The core feature of the tool was to select the bounding quadrilateral for each journal page. Then, the image within those coordinates was flattened into a rectangular black-and-white image (using a simple RGB value cutoff).
The tool used the filesystem to keep track of the processing status of each photo, and saved the outputs into a Dropbox folder. This mean that I could work on processing across multiple devices, and my “progress” was always saved. Some other features I added to speed up the process of selecting the rectangles included:
- An approval phase where images could be accepted / rejected to allow tweaks
- Cached quad positions so that I didn’t need to move the rectangles much between photos
- Re-using the rightmost points from the left quadrilateral for the right quadrilateral (sharing the previously defined edge in the middle)

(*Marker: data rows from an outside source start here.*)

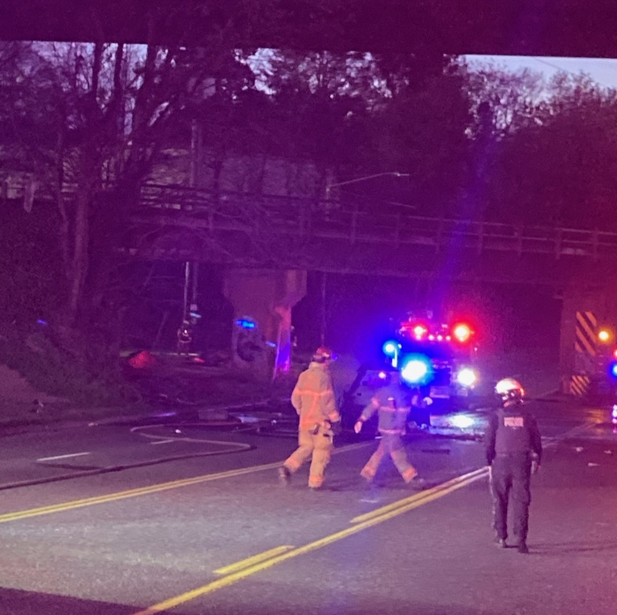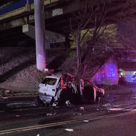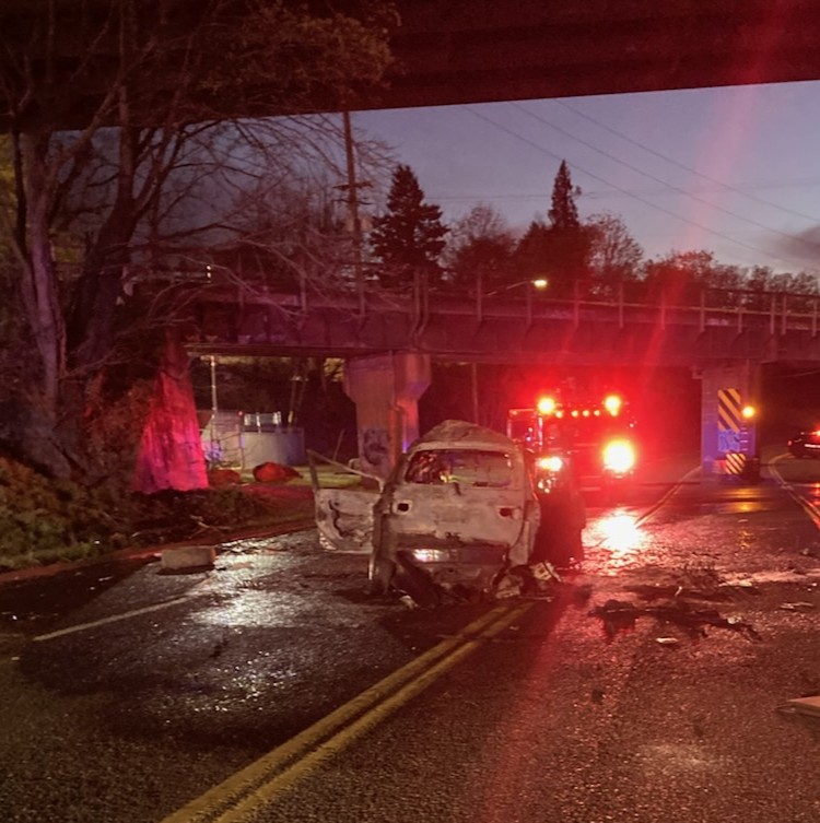 Portland Fire & Rescue responded to reports of a van completely involved in fire with a reported 6 trapped occupants yesterday evening just before 8 PM. BOEC dispatchers received multiple calls from passerby vehicles that a van under I5 on Columbia Blvd near Delta Park indicating a van was completely engulfed in flames. The heavy smoke column rising into the sky made it evident to the arriving crews that there was a very significant fire and if accurate and occupants were trapped, lives were in jeopardy.
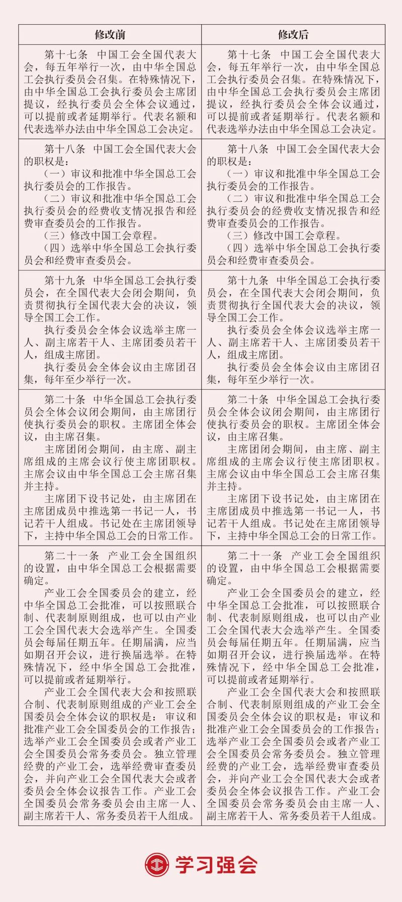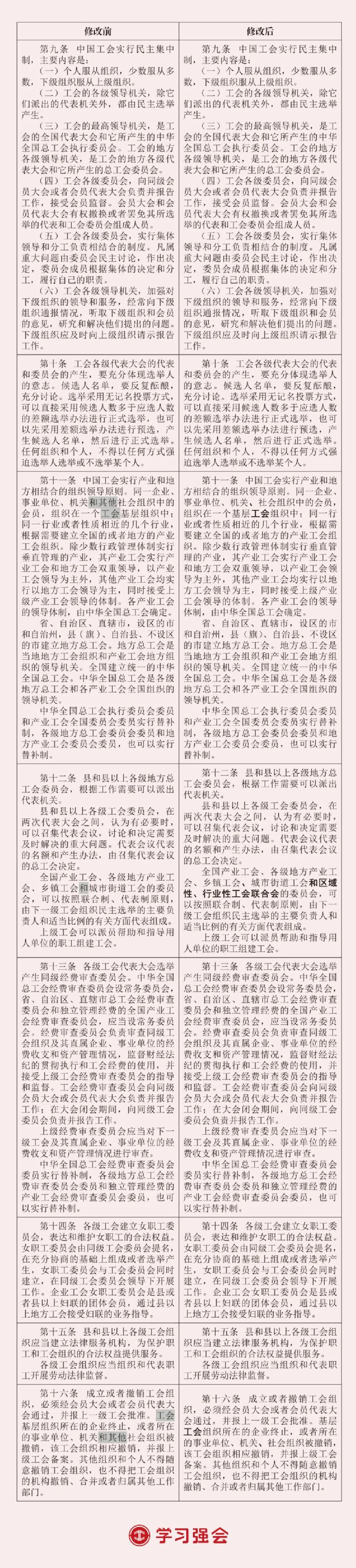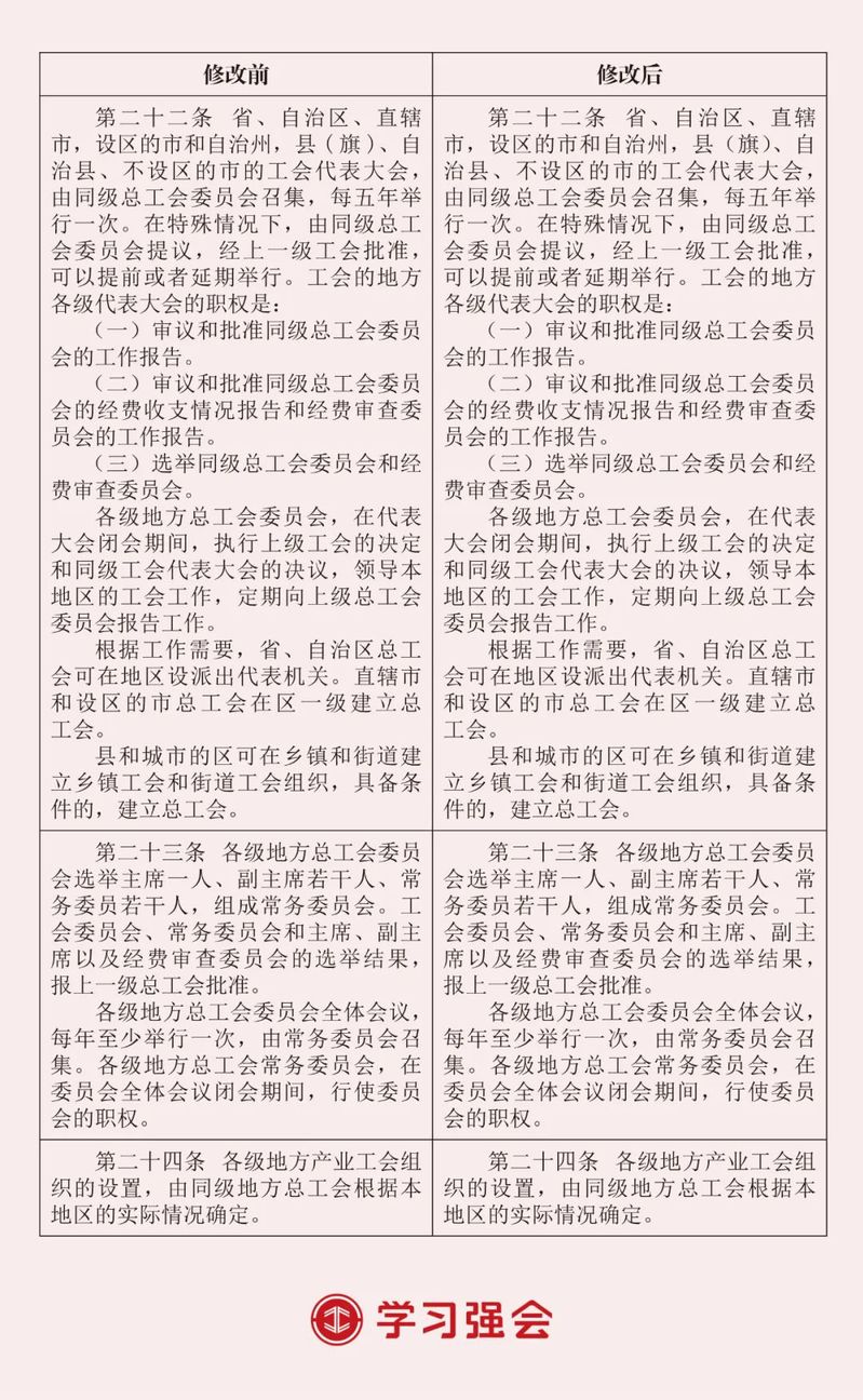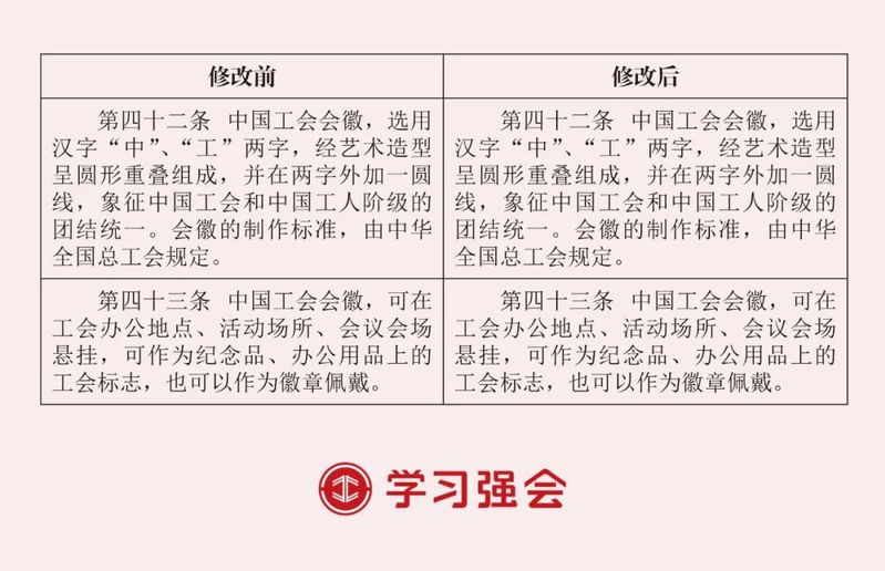 中国工会第十八次全国代表大会通过了《中国工会章程(修正案)》。此次修改主要在总则中增写深刻领悟“两个确立”的决定性意义、深入学习贯彻习近平总书记关于党的建设的重要思想、为实现新时代新征程党的中心任务而奋斗、发展全过程人民民主、推动产业工人队伍建设改革等内容,以及在有关条文中明确新就业形态劳动者入会权利,明确区域性、行业性工会联合会组织形式,规范基层工会委员会名称和任期,明确工会干部能力本领要求等。为方便广大工会干部对照学懂弄通修改内容、指引工作实践,“学习强会”整理推出2023年《中国工会章程》修改前后对照表。
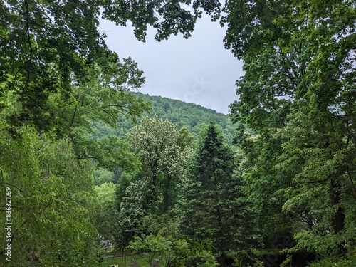 © Smn Jlt, Obraz premium Trees in the woods on a rainy day, Poconos Mountains, Pennsylvania - May 2024
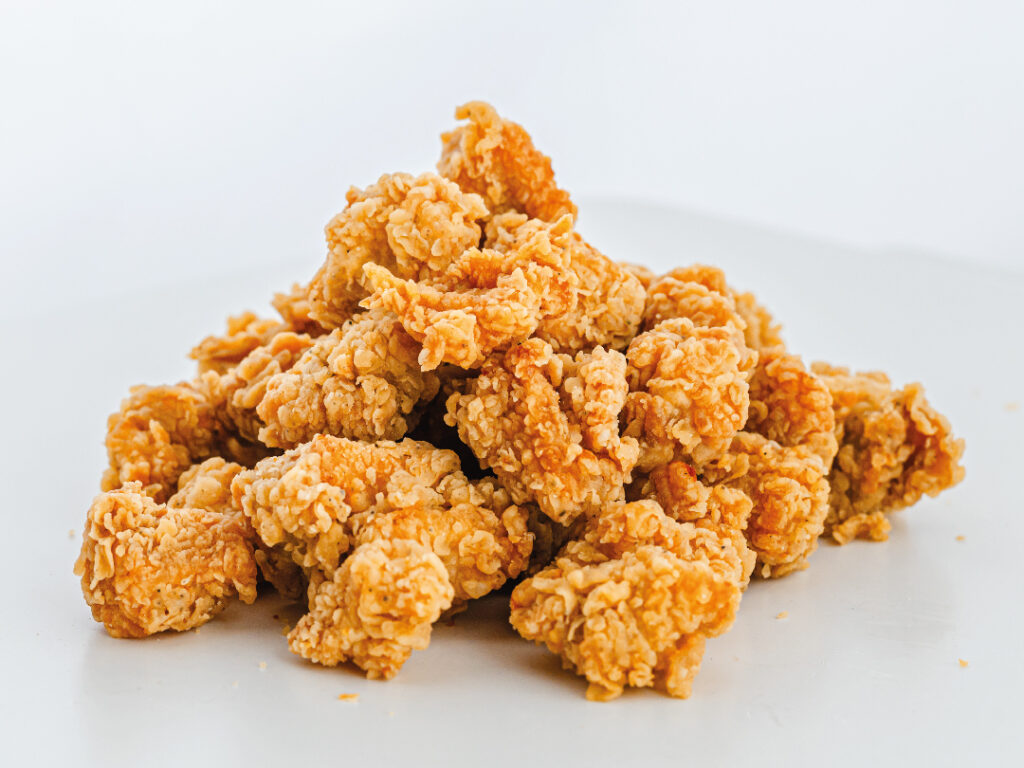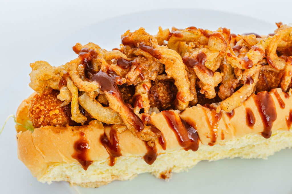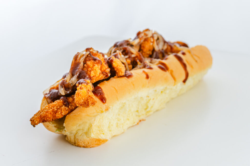 Exquisitos bocaditos de pollo crocante, en pan de viena cubiertos por cebolla crispy y salas bbq.
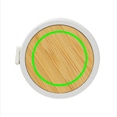 1.5m/60inch recycled plastic tape with return push button, for fitness and fashion. The case is made out of RCS certified recycled ABS plastic, fibreglass and FSC® 100% bamboo. Total recycled content: 64% based on total item weight. RCS certification ensures a completely certified supply chain of the recycled materials. The tape is 8mm wide and retractable by button. Packed in FSC® mix packaging.
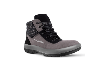 O solado da Botina Evolution Cinza e Preto é o Falcon bidensidade PU/PU (duas camadas de poliuretano) injetado diretamente no cabedal.
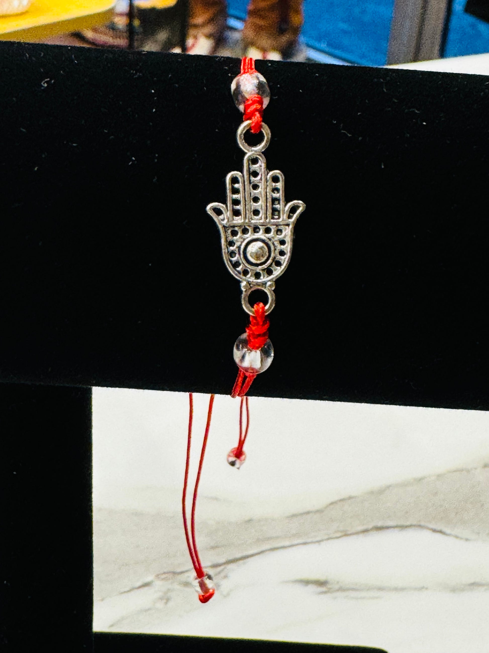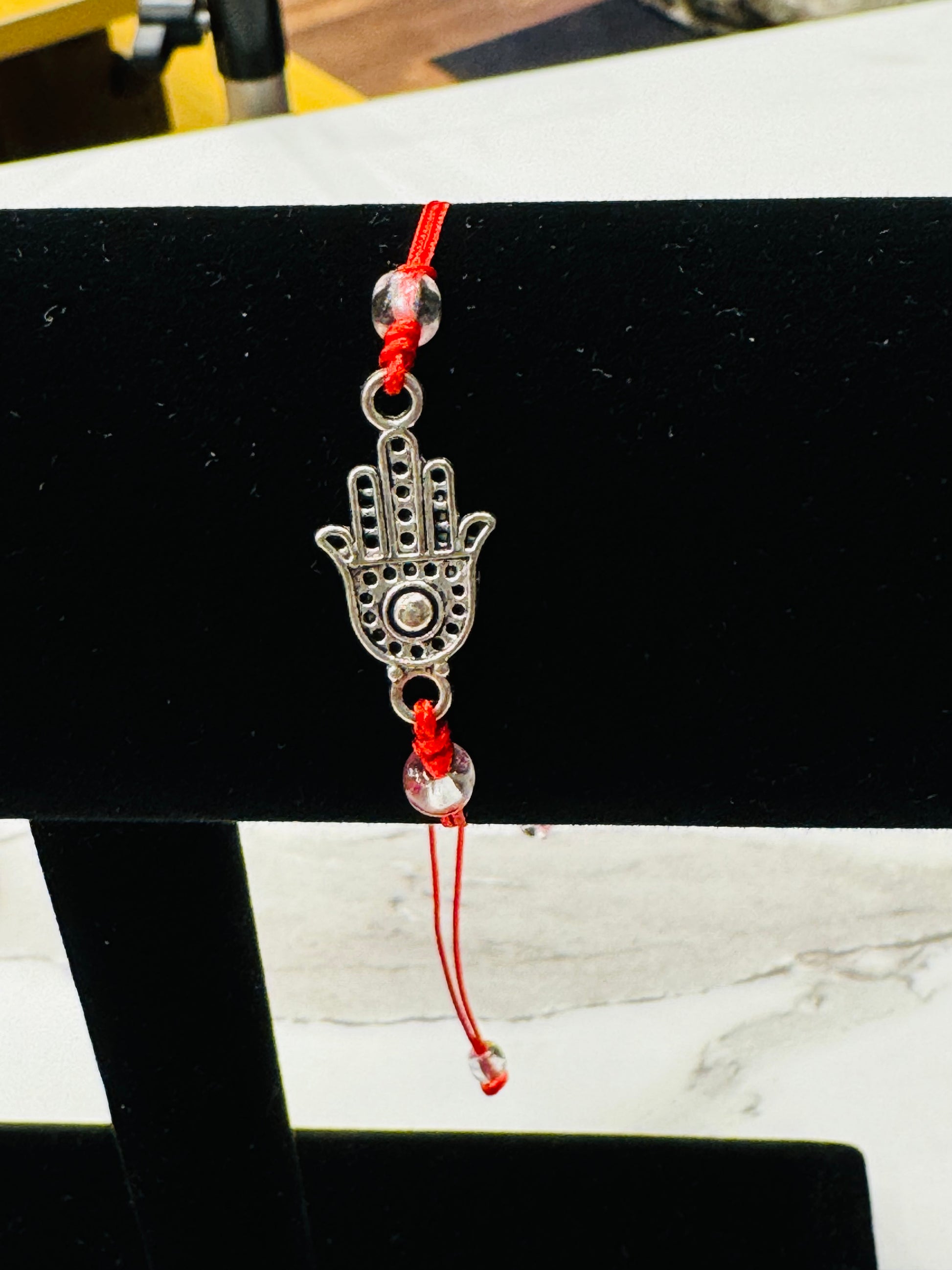 The Red String Bracelet with Silver Beads and Hamsa is a powerful symbol of protection, good fortune, and spiritual guidance. The red string is traditionally known to ward off negative energy and bring the wearer protection, while the silver beads add a touch of elegance and amplify the bracelet's protective qualities. The Hamsa charm, an ancient symbol featuring an open hand, is believed to provide defense against the evil eye and bring blessings, strength, and peace. Together, these elements create a meaningful piece that serves as both a stylish accessory and a protective talisman, offering the wearer a sense of security and positivity.
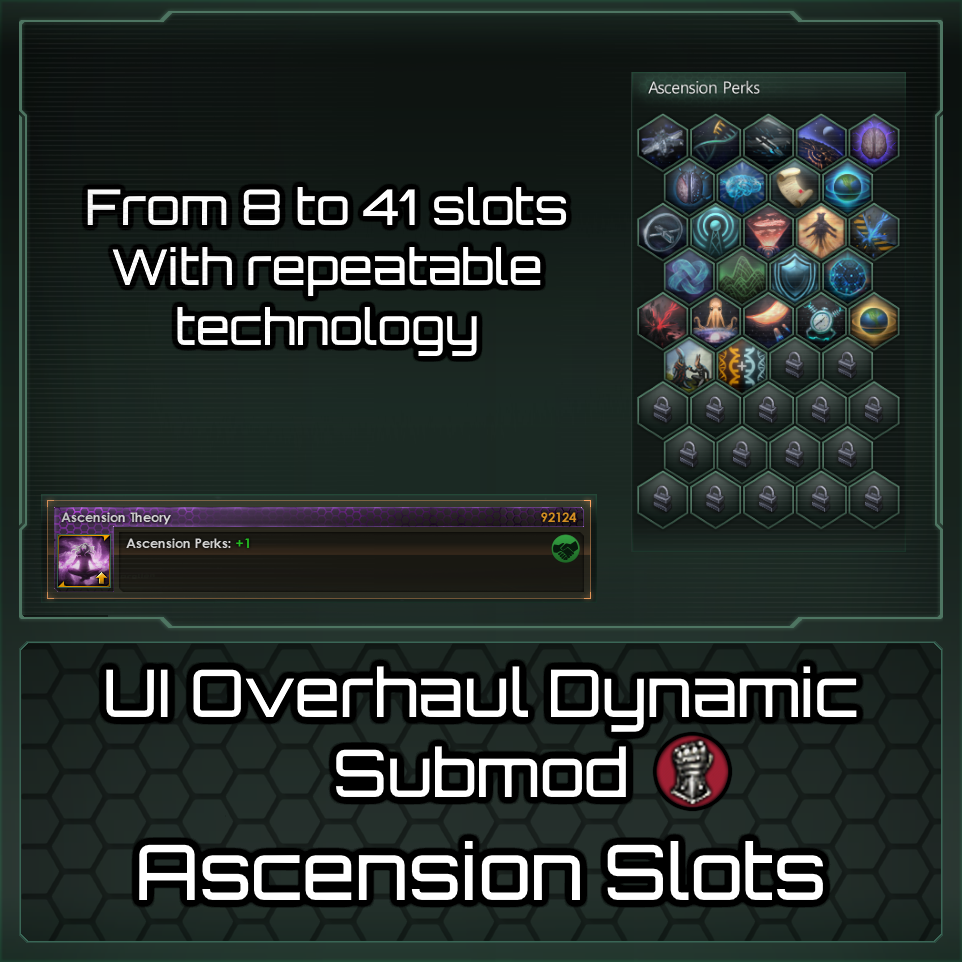 Ascension Slots — это аддон к моду UI Overhaul Dynamic. Оригинальный мод целиком перерабатывает интерфейс Stellaris.
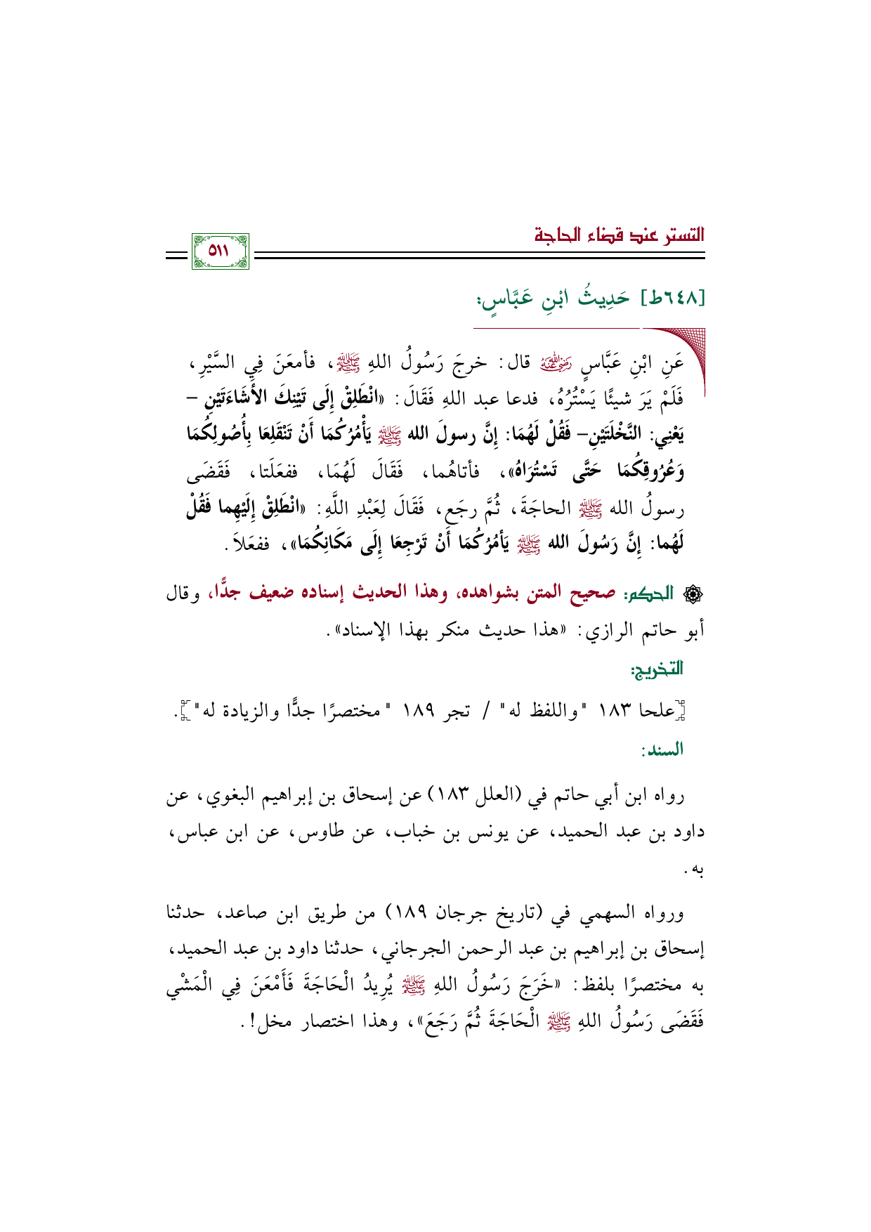 ورواه السهمي في (تاريخ جرجان ١٨٩) من طريق ابن صاعد، حدثنا إسحاق بن إبراهيم بن عبد الرحمن الجرجاني، حدثنا داود بن عبد الحميد، به مختصرًا بلفظ: "خَرَجَ رَسُولُ اللهِ صلى الله عليه وسلم يُرِيدُ الْحَاجَةَ فَأَمْعَنَ فِي الْمَشْي فَقَضَى رَسُولُ اللهِ صلى الله عليه وسلم الْحَاجَةَ ثُمَّ رَجَعَ"، وهذا اختصار مخل! .

- 4x zoom preview when clicking and dragging
- Click to move nearest point to cursor
If you’re curious on how this was built, all of the prompts I used are present in the appendix.
Results
I could define 79 quadrilaterals / 10 minutes, which meant that this part of processing a page took around 7.6 seconds.
In total, this meant that each page took 5.7 + 7.6 = 13 seconds, which was 5 seconds faster than the original scanning approach. For the 2000 pages remaining, this new approach saved me nearly 3 hours.
But more importantly, it changed some of the back-breaking work of sitting hunched over a camera taking the photos to work that could be done on my laptop in my spare time.
It then took 4.5 seconds / page to run them through the ML model and upload the results to Airtable. I just let this run on my PC while I did something else.
In the next follow-up, I’ll elaborate on the accuracy of the model, as I slowly read all of the entries and correct the typos that the model produces.
Appendix
The Cursor prompts to reproduce the app I used. The code is also somewhere on GitHub, but this feels like a more fun way to show it.
Inside this directory (cmd/server) - Create a simple (ideally frameworkless or framework-lite) service that can be run locally. Here's what the server should do on a single homepage website:
- Show a list of image files in a hardcoded directory (on the local machine).
- Allow me to open an image file, and draw bounding quadrilaterals on them
- After drawing a bounding quadrilateral, save a new file to a hardcoded directory on the local machine of the image where the following have happened:
1. The content in the quadrilateral has been stretched using linear algebra-type transformations to be rectangular
2. The content in the quadrilateral has been made black and white (based on a simple threshold).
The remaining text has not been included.